Мужчины все еще играли в преферанс на веранде, а рядом спал на кушетке Подушкин.
– Что за человек! – восклицал Дмитрий Анатольевич, обращаясь к Ларионову. – Хоть с Краснопольским играй, он мне проигрывает.
Ларионов довольно ухмылялся. Ему нравилось быть с Дмитрием Анатольевичем. Его тяга к собственному отцу выражалась в тяге к отцу Веры. Доверие, появившееся между ним и Верой, установилось и между ним и ее отцом.
– Нет уж, – бросил карты Дмитрий Анатольевич, – завтра сыграем в ломбер[11]. Вы играете в ломбер?
– Я никогда не играл, – ответил Ларионов.
– Тогда научу вас и буду выигрывать! – обрадовался по-ребячески Дмитрий Анатольевич.
– Согласен, – улыбнулся Ларионов.
– А когда ты приедешь в следующее увольнение, – вдруг сказал Алеша, – мы обязательно пойдем на охоту. Это чудо! Сам я не охотник, но отец и дядя Архип – замечательные!
Ларионов смутился и почувствовал, что снова теряется.
– Непременно! – воскликнул Дмитрий Анатольевич. – К тому же вы отличный стрелок, что очевидно и чего не скажешь обо мне и тем более об Алеше.
– Только об одном стоит задуматься, – произнес с расстановкой Краснопольский, – не будут ли излишние волнения у Верочки. Она очень впечатлительна.
– О чем вы? – резко и неодобрительно спросил Алеша.
Ларионов вспыхнул.
– Я вот о чем, – сказал, неприятно улыбаясь, Краснопольский. – Верочка не любит насилия. Она милосердна и против всякого, – он подался вперед всей тушей, – всякого насилия и убийств. Пока она еще не придает значения роду занятий своих знакомых. Но однажды она задастся этими вопросами.

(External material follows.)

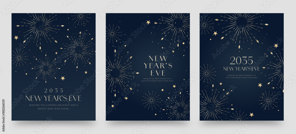 • Luxury Happy New Year NYE Flyer Poster Banner Layout Vector with Gold Fireworks on Navy Blue Background for Elegant New Year’s Eve Celebration

Дмитрий Анатольевич и Алеша растерялись от бестактности Краснопольского. И прежде чем Дмитрий Анатольевич спохватился, чтобы ответить, Ларионов вышел из-за стола и, глядя сверху на испуганного Краснопольского, спокойно произнес:
– Какой вы заботливый человек. И вы правы. Вера однажды задастся этим вопросом, как и тем, кто живет честно, а кто крутится.

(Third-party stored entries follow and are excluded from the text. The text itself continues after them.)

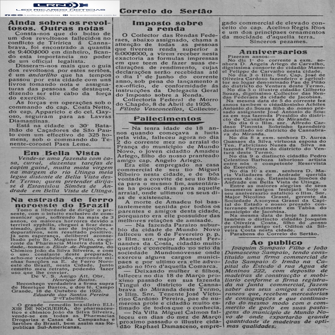 Nosso leitores estão habituados a ter, todo sábado ou domingo, edições completas do noticiosos mais antigo do Interior Baiano, em circulação ininterrupta, com pelo menos cem anos de edição.
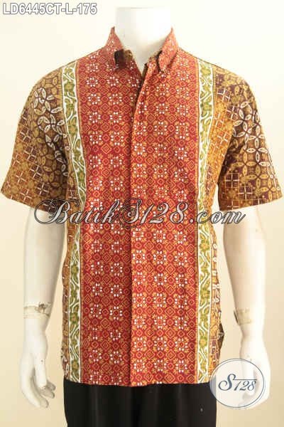 Baju Batik Hem Lengan Pendek Modis, Busana Batik Istimewa Berbahan Adem Proses Cap Tulis, Keren Untuk Hangout Dan Modis Baut Kerja [LD6445CT-L]
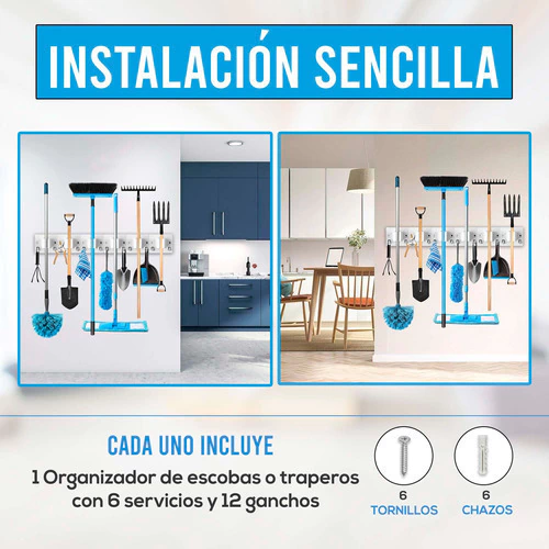 2 Organizadores de escobas cada uno con 6 servicios, 12 ganchos, 6 tornillos y 6 chazos.
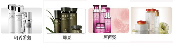 高丽雅娜的主打产品:珂芮雅娜、绿豆、珂芮姿、新芙兰丝汀。
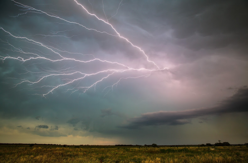 Молния сверкает в небе прямо над полем. Здесь пустынно и никого нет, только суслик редко может пробежать, и то в страхе спрячется, ведь молния - это сила. Несколько километров разряд проходит в воздухе, а за ним последует сильнейший гром.
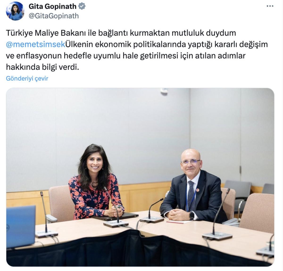 Gita Gopinath, Bakan Şimşek ile yaptığı görüşmeye dair X paylaşımında şu ifadeleri kullandı:

Потом он обратился к Дмитрию Анатольевичу и Алеше:
– Доброй ночи, и простите мне мои несдержанность и неблагодарность.
Что-то в Краснопольском Ларионова настораживало и отталкивало. Его чутье подсказывало, что этот «человек в футляре» имеет казенное мышление, хитрость; что есть в нем трусость. Ларионов корил себя за эту предвзятость, но скорее оттого, что Краснопольскому доверяла семья Веры – он был вхож в их дом. Не стал бы Дмитрий Анатольевич привечать подлеца! Но, несмотря на то что Ларионов презирал Краснопольского, недобрые слова последнего произвели на его воспаленное сознание сильное действие. Происходила борьба добра и зла, и Ларионов чувствовал, что не может принять окончательного решения. Днем, целуя Веру, он испытывал счастье, потом, отказавшись от нее, думал, что все решено, но за карточным столом ощутил дружбу этой семьи и в нем снова зашевелилось человеческое, и только этот росток двинулся вверх, Краснопольский бросился топтать его, и Ларионова отбросило назад во зло.

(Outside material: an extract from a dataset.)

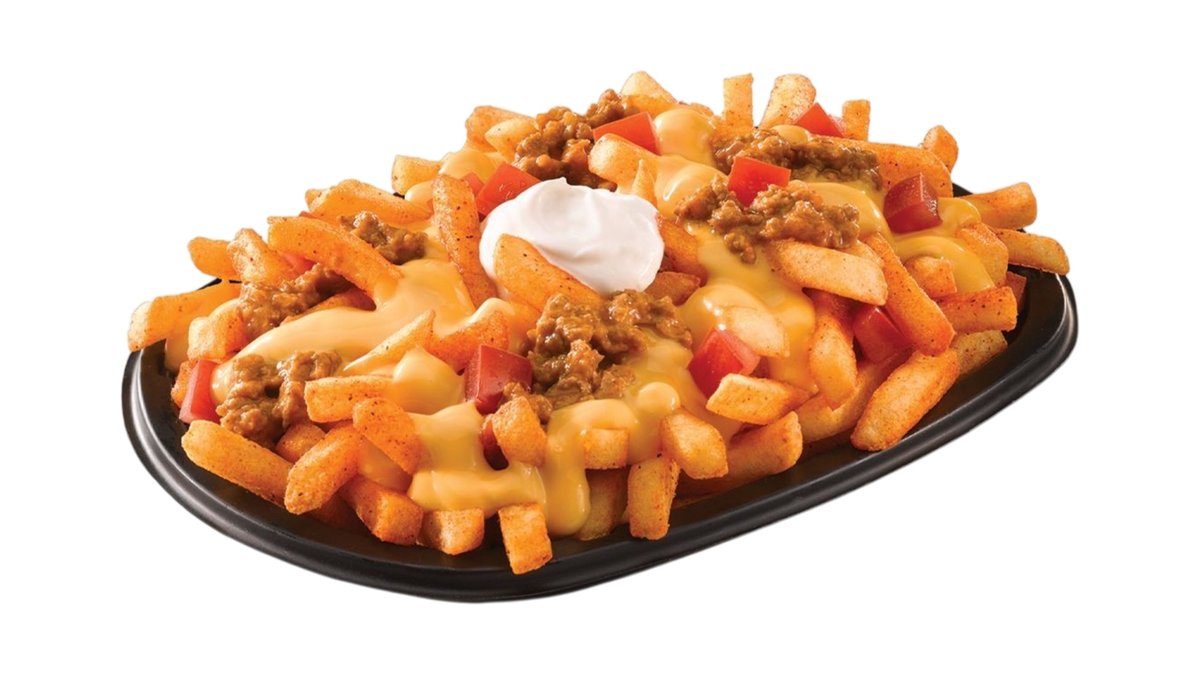 Μεγάλη μερίδα Mexican fries με καρυκεύματα, ζεστή nacho cheese sauce και δροσερή sour cream.

Алеша зашел в спальню, когда Ларионов уже лежал в одежде на кровати.
– Послушай, – сказал Алеша со свойственной ему сердечностью, – не бери в голову слова Краснопольского. Это пустяки. Он человек безобидный… и пустой. Тебе все рады, и ты знаешь сам, что Вера рада больше всех.
Ларионов почувствовал горечь.
– Да нет, не пустяки, – задумчиво промолвил он. – Я еду убивать, и, зная это, все равно поеду и буду убивать. Спокойной ночи.
Алеша молча смотрел на друга, словно чувствуя его мучения.
– Ты только не зарывайся, Гриша. Я чувствую, что все будет хорошо. Надо просто упрямо идти вперед и верить в лучшее. И еще перетерпеть, преодолеть себя, что ли. А Краснопольский – ханжа и фигляр, и Вера его не терпит.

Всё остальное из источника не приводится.